Last Tuesday, in preparation of the photo shoot I was doing the next day, I spent the whole night setting up a home photography studio using a little bit of Google and a lot a bit of diy. I'd purchased a few things, external flashes, stands, an umbrella, backdrops, etc from Amazon but I hadn't yet purchased a backdrop stand. Seeing that my tab on this home studio was adding up and I wanted to try and cut corners where I could, I headed to the dear old internets (yep, 'cause it's plural) for some "how to's". This was the one I ended up settling on. Click the image below to go to the website and read the instructions.
Picture
image via www.bonfirevintage.com
This is a backdrop stand made out of PVC pipes that can be purchased at Lowe's or Home Depot. I'd seen a number of DIY backdrop stands made from PVC pipes but they all seemed to have extra steps and extra materials and cost extra money. The construction and instructions on this particular stand seemed simple enough and money conscious enough for my liking.

For my backdrop, I picked up (3) 10' PVC pipes that were 1 1/4" thick. These were cut into (3) 5' pieces and (6) 2.5' pieces. The price for an entry level backdrop on Amazon is about $40. All of my pieces cost about $26. Booooow!


(3) 5' pieces
(6) 2.5' pieces.


(2) 1 1/4" T pieces
(2) 1 1/4" Elbow pieces

(4) 1 1/4" End caps
(5) 1 1/4" Coupling pieces

Using the instructions from the website and a little 1+1, I began assembling my backdrop stand.

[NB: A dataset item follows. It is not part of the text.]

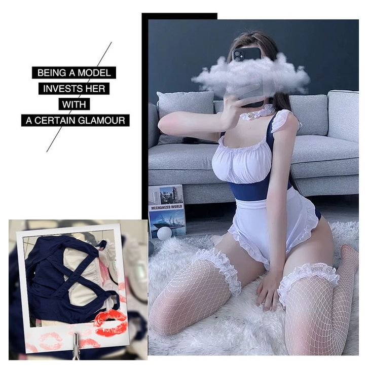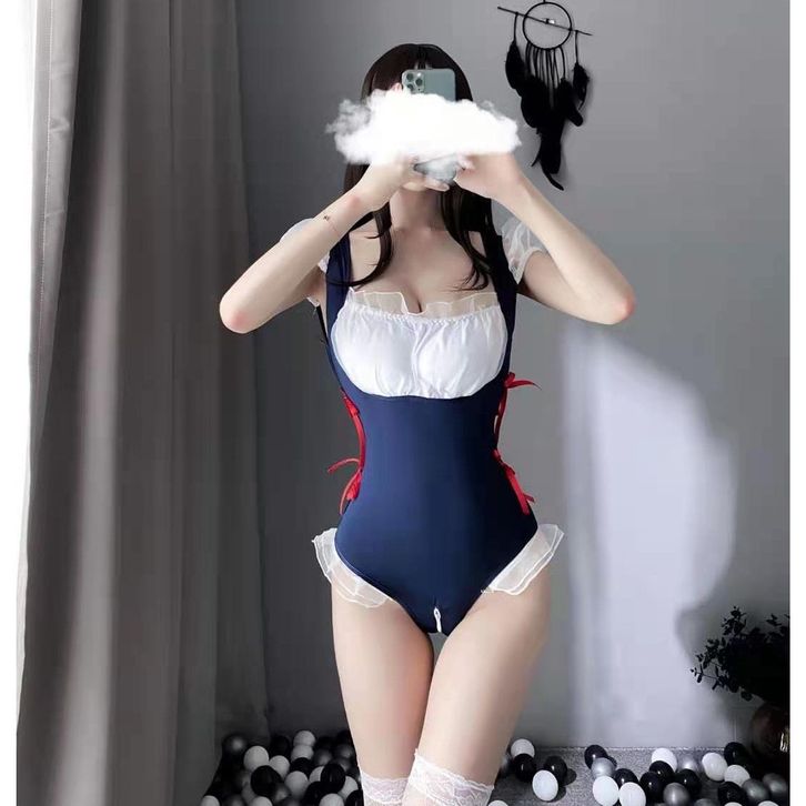Lingerie Sexy Pembantu Cosplay Bodysuit Open Crotch One Piece Backless Lingerie Babydoll A5360

Since I didn't have sandbags, I threw blankets on the legs of the stand in order to provide extra weight and support.

When I initially made the backdrop, it measured in at about 8' tall. The piping was cut a little unevenly at the store which resulted in one side of it scrubbing the ceiling and it didn't seem very sturdy at this height. I decided to take the 2 1/2' pieces off the height and let it remain at 5'. I knew I was mostly doing poses of her sitting on the floor and a stool, kneeling, or lying down so the 5' was more than tall enough. I then added the 2 1/2' piece to the width of the backdrop to make for a wider shot. Which after beginning to edit my shots, I find that I now need a wider backdrop also. Oh, wells. Due time.





Test shot using flash on the camera, two external flashes, and one umbrella.